Buscando fazer forças para retornar ao estado de vigília — coisa que sempre funcionava —, o que sucedeu foi um clarão instantâneo vindo de alguma fonte desconhecida naquela sala, aumentando um pouco a iluminação, antes fraquíssima… Meus olhos, direcionados involuntariamente para a frente e tendo dificuldade para captar qualquer imagem, eram impossibilitados de buscar o que quer que fosse por conta da prisão imposta pela chapa de aço — como passara a julgar aquele maciço acessório ao redor da cabeça. Eu começava a me desesperar. Sem poder mexer braços e pernas, a vulnerabilidade em relação a alguma ameaça ao meu redor — certamente ali presente, talvez me observando — era o que me preocupava…
(Em qual filme eu havia visto isso?...)
De repente, um barulho de porta! Mas não uma porta qualquer, e sim de matéria pesada, estrondosa, fazendo eco até meus ouvidos e impulsionando o medo que já me consumia. Lutando com forças já abatidas, para tentar virar um pouco meu rosto — melhor dizendo, meus olhos — e enxergar a origem daquele arrastado barulho, foi quando notei o reflexo da luz sobre curiosa aparelhagem…
Por certo que era uma espécie de furadeira… porém, sem um habitual suporte para o manuseio de mão. Aquilo era suspenso pelo que parecia um carrinho, quadrado e enorme (sobre rodas, talvez), coberto por um pano branco e deixando de fora apenas o “pescoço” metálico da estrutura, terminando naquela furadeira julgada assim por mim. Na sua ponta, a visão do que me amedrontava e passava a ser o motivo de minhas desesperadas súplicas por alguma explicação…
— O que tá acontecendo aqui?! O que vão fazer com essa agulha?! O que foi que eu fiz?!
Não recebendo respostas para meus questionamentos nada animadores, o que sucedia era a lenta aproximação do mecanismo à minha lateral… Ouvi somente quando aquele “carrinho” parou, travando consigo toda minha agitação anterior causada pelas minhas irrespondidas perguntas e o peso daquela engrenagem deslizando pela sala. Ao mover meus olhos ao máximo que eu me esforçava, tive a certeza de que seria posto à prova no enfrentamento daquela inominável tortura…

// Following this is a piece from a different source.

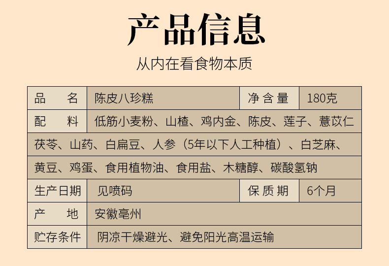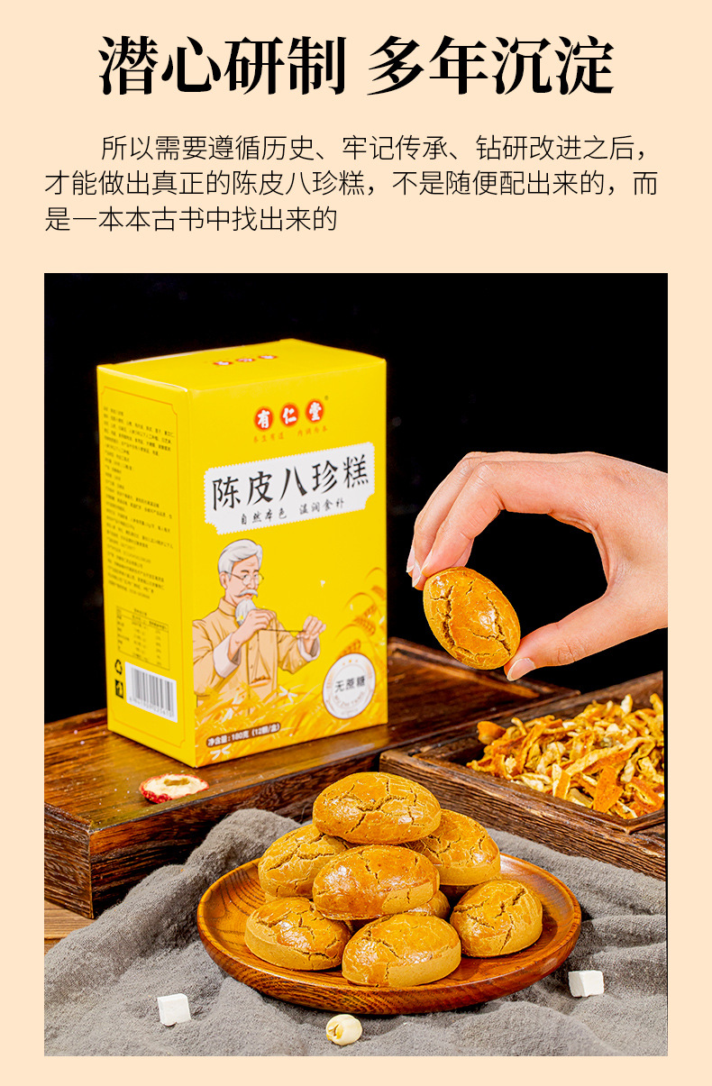 买2送1【古方八珍糕】有仁堂陈皮八珍糕 八珍原材 古法匠心制作 无蔗糖 温养呵护pi胃 12颗/180g一盒

Fora de cogitação tentar enumerar todos os sentimentos horríveis ao ver aquela finíssima agulha direcionada para meu rosto. “Finíssima” nem é bem a palavra: o que aquilo parecia era um gume ou seja lá o que fosse, um fio metálico na forma de alongado espeto, sendo possível até mesmo observar seu interior redondo a partir daquela minúscula extremidade… — e tudo aquilo virado para mim, inerme, o que só me fazia sentir ser um alvo infeliz e já condenado por aquela criminosa mente…
Afinal, quem estava por trás daquilo?
Eu lacrimejava como nunca antes ao perceber a sombra daquela agulha adentrando a concavidade do meu olho direito… Suplicava aos céus, à bondade interior daquele engenheiro oculto, à possibilidade de meus futuros dias na Terra… A máquina não recuava… E foi somente ao sentir o arrepio involuntário, defensivo das minhas pálpebras diante daquele corpo estranho, que tudo parou.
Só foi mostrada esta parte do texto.